C’est dans ce sens que j’ai créé en 2017 – African Supply Chain Heroes – Un podcast hebdomadaire et bilingue qui propose des interviews et des cas pratiques, ainsi que des portraits d’entrepreneurs africains qui font bouger les chaines de valeur disponibles sur Soundcloud.  

#2 Multiplier les partenariats pour être se focaliser le plus possible sur son cœur de métier. 

En rapport avec notre exploitation d’une plantation de cacao, notre cœur de métier est la récolte des cabosses, la fermentation, le séchage et le stockage avant le transport à l’usine pour la transformation en chocolat. Cependant sur 400 hectares, nous avons plusieurs variétés d’arbres fruitiers (manguiers, jacka, goyaviers, bananiers, cocotiers, etc.). À ce sujet, nous avons décidé de nouer des partenariats stratégiques avec des entreprises de la place qui elles sont spécialisées dans la transformation des fruits en produits séchés ou en compotes.  Ce sont des partenariats gagnant-gagnant qui nous permettent ainsi de réduire nos pertes après récolte. De nouveaux postes de travail sont créés, de nouvelles filières de transformation sont développées comme de réels cas pratiques de R&D.  

Il y a aujourd’hui un ensemble de données qui doivent faire partie de la connaissance et de la culture générale en mon sens, et partout dans le monde. Quel que soit la position dans la chaine logistique mise en place, à l’échelle mondiale, nous perdons environ 50% de la production agricole, et les pertes cumulés sont encore plus grandes en prenant en compte l’eau utilisée, la dégradation des sols, le transport des produits et la main d’œuvre.  

En tant que directeur d’une plantation de cacao à Sao Tomé, quels sont tes principaux défis ?

Nous rencontrons trois challenges majeurs sur la plantation :

#1 La Question sociale et l’emploi

La plantation est située au cœur d’une communauté de 2000 habitants. 10% travaille pour l’entreprise, mais nous avons en charge l’ensemble de l’assainissement public (eau, sanitaire, ordures ménagères)

#2 La rentabilité 

Une plantation est un écosystème très riche en nature et en ressources humaines, mais aussi très gourmand en capital (salaires, entretien des infrastructure et carburant). Un de nos défis majeur est de trouver des sources de financement durable, permettant un meilleur développement humain. 

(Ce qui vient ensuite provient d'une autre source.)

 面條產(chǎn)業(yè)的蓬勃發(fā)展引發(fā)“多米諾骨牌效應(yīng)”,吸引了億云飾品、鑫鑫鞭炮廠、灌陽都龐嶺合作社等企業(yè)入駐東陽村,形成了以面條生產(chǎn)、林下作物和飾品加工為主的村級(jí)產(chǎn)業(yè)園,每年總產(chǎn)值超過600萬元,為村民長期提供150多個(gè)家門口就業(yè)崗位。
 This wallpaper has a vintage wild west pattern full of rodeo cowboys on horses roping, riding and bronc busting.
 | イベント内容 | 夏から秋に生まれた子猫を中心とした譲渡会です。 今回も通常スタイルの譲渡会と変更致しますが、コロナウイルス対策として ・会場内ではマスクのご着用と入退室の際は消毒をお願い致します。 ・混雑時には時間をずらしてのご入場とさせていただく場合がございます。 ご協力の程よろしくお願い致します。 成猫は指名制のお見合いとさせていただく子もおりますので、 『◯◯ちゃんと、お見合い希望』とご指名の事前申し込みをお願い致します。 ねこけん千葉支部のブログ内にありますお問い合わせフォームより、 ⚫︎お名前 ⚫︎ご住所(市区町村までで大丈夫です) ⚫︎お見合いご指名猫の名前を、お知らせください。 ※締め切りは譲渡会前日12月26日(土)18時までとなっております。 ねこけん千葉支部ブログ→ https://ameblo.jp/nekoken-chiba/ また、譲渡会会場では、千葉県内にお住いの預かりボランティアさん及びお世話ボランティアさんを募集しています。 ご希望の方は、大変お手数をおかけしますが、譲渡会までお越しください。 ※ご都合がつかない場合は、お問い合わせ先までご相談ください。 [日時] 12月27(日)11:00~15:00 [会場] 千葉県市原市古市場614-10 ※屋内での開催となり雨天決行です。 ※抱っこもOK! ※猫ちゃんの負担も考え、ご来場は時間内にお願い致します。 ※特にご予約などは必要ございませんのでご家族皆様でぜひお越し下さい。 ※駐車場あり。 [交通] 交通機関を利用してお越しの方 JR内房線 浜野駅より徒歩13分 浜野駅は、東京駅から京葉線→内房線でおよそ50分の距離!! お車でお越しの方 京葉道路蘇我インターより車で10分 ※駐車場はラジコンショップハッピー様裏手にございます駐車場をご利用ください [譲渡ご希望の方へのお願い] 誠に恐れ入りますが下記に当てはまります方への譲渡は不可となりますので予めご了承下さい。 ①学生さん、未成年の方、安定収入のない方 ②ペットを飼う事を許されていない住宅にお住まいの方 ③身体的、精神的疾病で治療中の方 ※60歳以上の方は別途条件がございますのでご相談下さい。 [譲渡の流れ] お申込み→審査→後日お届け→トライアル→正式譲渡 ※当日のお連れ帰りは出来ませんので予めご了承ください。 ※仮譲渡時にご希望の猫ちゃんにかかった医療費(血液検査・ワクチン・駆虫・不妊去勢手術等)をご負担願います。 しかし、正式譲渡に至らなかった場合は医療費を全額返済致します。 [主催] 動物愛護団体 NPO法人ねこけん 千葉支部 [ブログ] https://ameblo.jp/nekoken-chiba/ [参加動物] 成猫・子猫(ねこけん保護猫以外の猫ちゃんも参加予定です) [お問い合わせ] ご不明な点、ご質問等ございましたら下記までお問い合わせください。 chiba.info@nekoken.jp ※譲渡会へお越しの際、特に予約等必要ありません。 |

C’est ainsi que depuis ma prise de fonction, notre équipe a créé un four à pain qui a permis, dès ses premiers jours de fonctionnement, de créer plus de 10 emplois (distributeur, boulanger, etc.). Nous avons lancé un programme de diversification des cultures et nous exploitons les palmiers à huile, les goyaviers et tous les autres arbres fruitiers. La mise en place de partenariats avec des unités de transformation locales a eu un impact non négligeable sur la rentabilité de la Plantation. Nous offrons aussi des formations en permaculture et aux métiers liés à la culture du cacao. 

Enfin, il est aussi utile de mentionner que nous avons développé toute une offre d’écotourisme avec une visite des installations de la Plantation“ de l’arbre à la tablette” des déjeuners de “ la ferme à la fourchette” et des possibilités de camping et de logement de haut de gamme sur le site de la Plantation.

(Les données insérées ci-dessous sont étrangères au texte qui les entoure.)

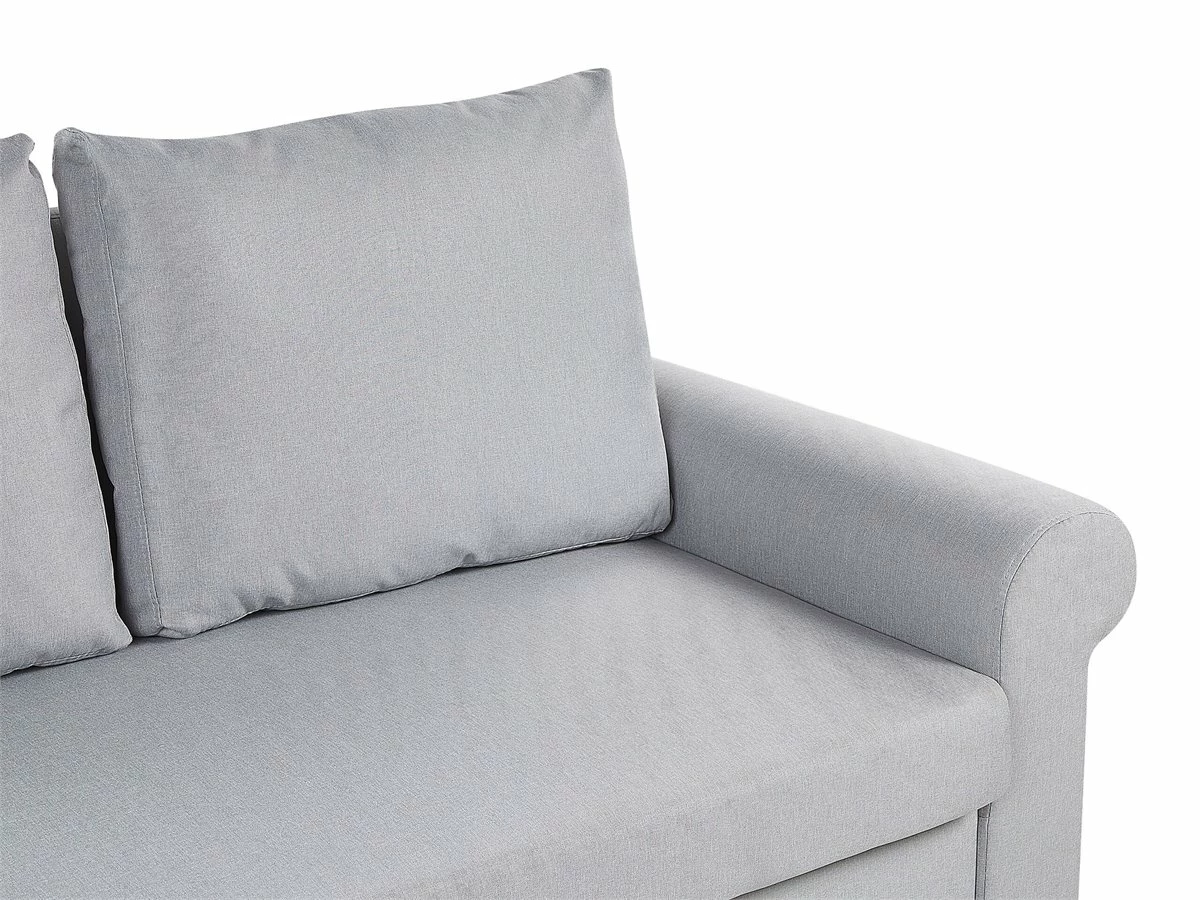 Sofá cama estilo retro. Añade funcionalidad a tu sala de estar con este sofá cama fabricado a partir de poliéster resistente y de alta calidad. La estructura de madera encaja bien en interiores modernos y tradicionales. El reposabrazos de estilo retro y las patas de plástico complementan el diseño final. Los cojines adicionales vienen con funda extraíble. Fácilmente convertible en cama. Detalles: Tipo de Producto: Sofá cama Estilo: Moderno Color: Gris Tonalidad: Gris claro Tipo de material: Tejido Material principal: Poliéster Material adicional: Material sintético Material del relleno: Espuma Composición del Material: 100% Poliéster Estilo del apoyabrazo: Redondeado Apoyabrazo: Sí Parte posterior tapizada: No Protectores para patas: No Reclinable: No Fundas de cojín extraíble: Sí Construcción del asiento: Bandas elásticas Densidad de espuma del asiento: 22 kg/m3 Asientos para: 2 personas Función para dormir: Sí Mecanismo de abertura del sofa cama: Tracción Almacenamiento: No Dimensiones: Altura del apoyabrazos: 63 cm Profundidad: 93 cm Espesor del asiento: 16 cm Altura del asiento: 47 cm Ancho: 173 cm Altura: 92 cm Superficie del asiento: 132×54 cm Superficie para dormir: 184×132 cm Peso: 50 kg Capacidad de peso por persona: 80 kg La oferta incluye: 1 x Sofá Ventajas: Convertible en cómoda cama, Diseño tradicional con un toque moderno, Estructura duradera y sólida, Acolchado de alta calidad, Cojines extraíbles para un fácil mantenimiento Información de montaje: Requiere montaje parcial. 5-15 min. Consejos de mantenimiento: Poliéster: 1.Aspire con un accesorio adecuado 2.Limpiar con champú seco y una esponja húmeda o un limpiador suave.

Le chemin est encore long mais nous réfléchissons tous les jours à surtout tirer au mieux parti de tous les atouts naturels et écologiques de la Plantation. À terme, il est envisagé de faire de cette Plantation un centre de recherche appliquée dans les techniques modernes de culture biologique.

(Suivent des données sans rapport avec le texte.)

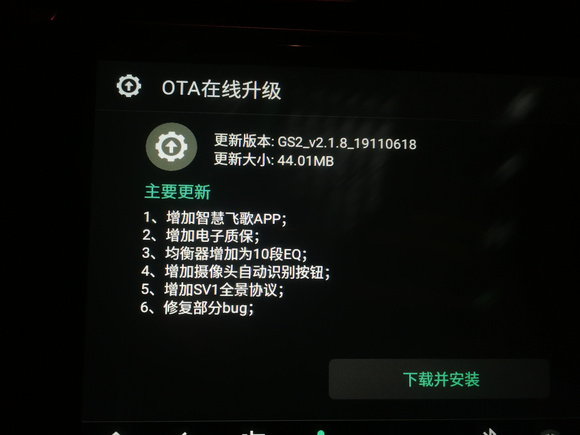 版本为V2.1.8,这个需要通过车机自带的OTA升级,大小为40M左右

#3 Maintenir la qualité d’un Grain de Cacao fin biologique 

Pour terminer, la plantation se donne comme ambition de maintenir un niveau de qualité exceptionnelle et de traçabilité infaillible tout au long de la chaine de production du cacao. À cet effet, nous avons mis en place certaines innovations pratiques : sélection manuelle des cabosses en fonction des espèces, double opération de nettoyage, calibrage manuel des grains sur les séchoirs, séchage 100% solaire, identification des fèves par parcelles et par variété, suivi permanent du bon déroulement du process.

Toutes ces innovations ont naturellement eu un impact sur la valeur ajoutée de nos produits sur le marché. Bien qu’étant chronophage et gourmand en capital humain, c’est le prix à payer pour notre positionnement dans le segment haut de gamme.